Most people woke up on Wednesday morning to some combination of shock, joy, bemusement, and/or mild terror as Donald Trump unexpectedly won the presidency.

I say “unexpectedly” because pundits and pollsters have been projecting a Clinton win for nearly 6 months.

election_2016-chance-of-winning_line
– Source: FiveThirtyEight

And it’s not just that they’ve been projecting a win. They had been using elaborate, sophisticated statistical models to make their predictions.

This has easily been the most technologically sophisticated, data-driven election in the history of the world.

The most data-driven election in history

The 2016 election has been the most data-driven election in history.

Quietly and behind the scenes, data science has reshaped political campaigning and strategy. Going back to 2008 and 2012, the Obama campaign harnessed big data and analytics to understand voters, sharpen messaging, drive fundraising, and ultimately win votes.

But 2016 has taken things to a whole new level. In this election cycle, data science was no longer relegated to the back end.

Instead, data science has been front-and-center in the reporting of the election. Media outlets like Five Thirty Eight and The New York Times built stunning interactive dashboards to detail the state of the campaign. (Setting aside the fact that they got it wrong, if you want excellent examples of data visualization in action, look no further than the data-driven election coverage at FiveThirtyEight and the NYT.)

Moreover, they also built elaborate predictive models based on vast amounts of data.

But in spite of the fact that they used mountains of data and sophisticated statistical techniques, nearly all of the “big names” in data journalism got it wrong. Nearly all of the major predictions predicted a Clinton win.

This was the most data-driven election in history, and essentially, data failed.

Data failed

It’s clear at this point that (setting aside a few contrarian predictions) data failed.

This is already triggering debate among data scientists and data journalists. And moreover, the use of data in this election will likely be the subject of scrutiny and discussion for years to come.

With that in mind, I’ll want to offer a few very high-level observations (obviously, with the advantage of 20/20 hindsight).

Beware false precision

On reflection, now that the election has been decided, I’m immediately reminded of a famous Warren Buffet quote:

We believe that if you can pinpoint it, you’re kidding yourself. Therefore, we think that when we make a decision, there ought to be a margin of safety.

Buffett was talking about investment decisions, but in much more general terms, it’s really a statement about judgement.

What Buffet is warning against is false precision.

In the post-election bewilderment, some commenters are suggesting that many of the model-builders “oversold” the precision of these models.

Garbage in, garbage out

Speaking roughly, a model is only as good as the data on which it’s built.

If you build a model on data that contains systematic errors (or is otherwise “bad data”) then the predictions of that model will be inaccurate.

This is sometimes know in computing circles as “garbage in, garbage out.”

While a quick, one-off blog post is no place to dissect the statistical methods of polling gurus, it seems obvious that we need to call the 2016 polling data into question. In fact, this election result is already leading to some introspection on the part of polling professionals. Essentially, they’re asking “how did we get this wrong.”

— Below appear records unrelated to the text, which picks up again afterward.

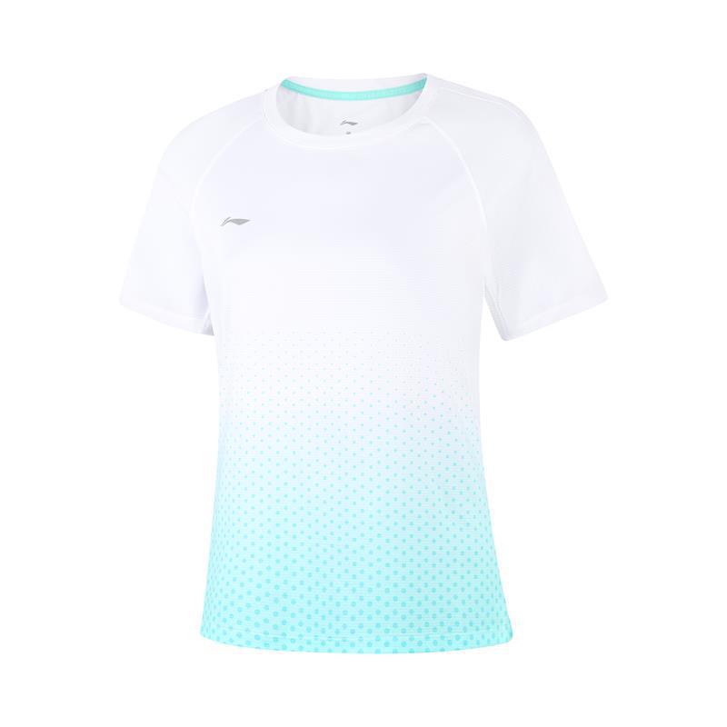 Li-Ning Градиентная футболка с круглым вырезом, дышащая, универсальная, с коротким рукавом, женский топ, стандартный, белый, островной синий, ATSV436-4
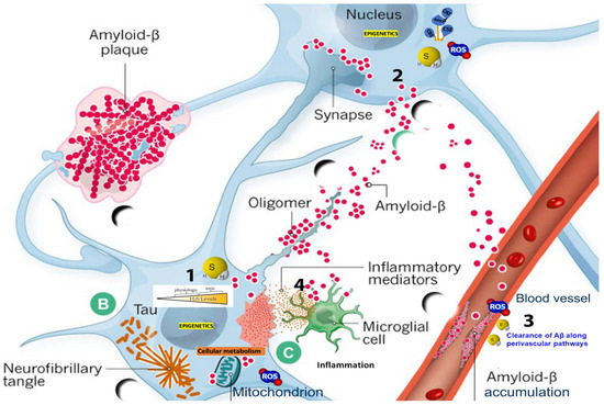 - Given that ROS can activate various inflammatory cascades, the ROS-scavenging property of H2S offers an indirect anti-inflammatory effect. Diminished H2S levels can accentuate oxidative stress, which can further stoke the flames of neuroinflammation, potentiating the neurodegenerative cascade in AD [80].
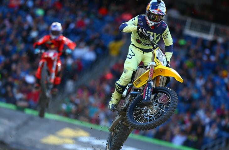 Eli Tomac and Ryan Dungey finish on the podium at Gillette Stadium
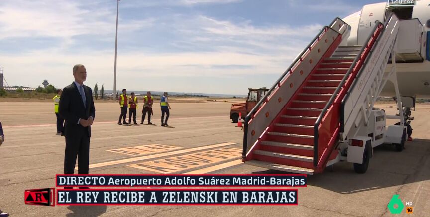 "Es impresionante ver al jefe del Estado, al rey de España, a pie de pista (para recibir a Zelenski)", afirma el periodista de El Mundo, Carlos Segovia, en directo para Al Rojo Vivo segundos antes de que Felipe VI reciba al presidente de Ucrania en Barajas, en su visita a España. "Es algo muy inusual", insiste el periodista.
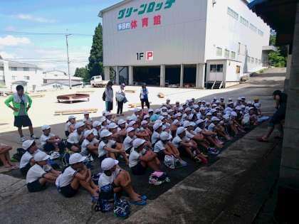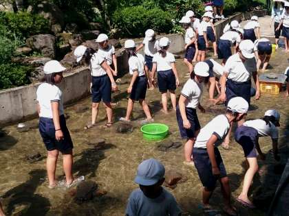 さて、林間学習1日目午後のプログラムである魚つかみですが、ヒグラシの鳴き声のなか、宿舎の方から説明を聞いた後、1組と2組に分かれて魚つかみにチャレンジしました。アマゴが放流されると、追い詰めることはできるのですが、なかなかゲットすることはできませんでした。つかまえたアマゴはみんなでいただきました。
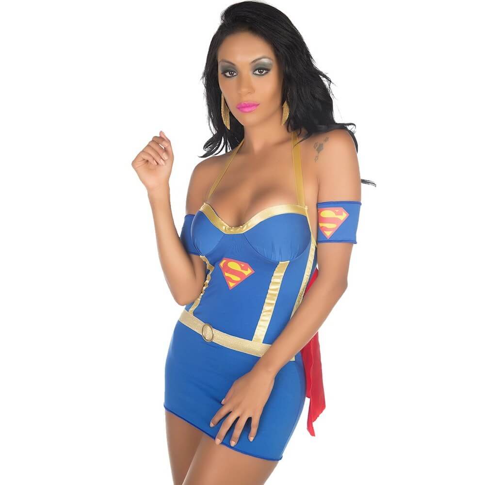 Fantasia composta por vestido confeccionado em malha com capa de herói, par de braçadeira e calcinha fio dental.

The inaccuracy of the polling data itself is obviously important, because many of the models in question (specifically, the super-model at Five Thirty Eight) relied on the data generated by pollsters.

If the data in these polls contained systematic errors, then the models themselves will make erroneous predictions.

Human intelligence and intuition still matter

As machine learning, data science, and technology progress, there’s an emerging sense that humans are becoming obsolete.

Experts are starting to warn that software and data-driven technology are driving structural changes in the economy that will, in many industries, devalue human labor and judgement. In some industries, technology might drive high unemployment.

Having said that, make no mistake: humans are not obsolete. Human intelligence and judgement still matter.

There were several people in this election cycle that called the election for Trump, and essentially nailed the reasons why. These people essentially looked beyond polling data and understood the deep wants, needs, and anxieties that would shape people’s behavior. In other words, a bit of human empathy drove clearer understanding of outcomes.

Others, like Nassim Taleb, strongly criticized election predictions on mathematical grounds.

In either case, human knowledge and understanding enabled better understanding.

Keep this in mind. Even as technology, analytics, and machine learning progress, we’re still likely to see a place for humans in overruling, criticizing, and tuning the technical methods being used.

All models are wrong, but some are useful

Data science is a powerful tool for understanding the world.

It is extremely valuable today, and will continue to grow in value over the next couple of decades.

But, data science is not infallible.

All models are wrong, but some are useful.

– George Box

Data science can get it wrong. Data – and specifically, erroneous data – can fail to give us clear insight and cause us to misunderstand reality.

As the world becomes increasingly data-driven, we would be wise to remember this.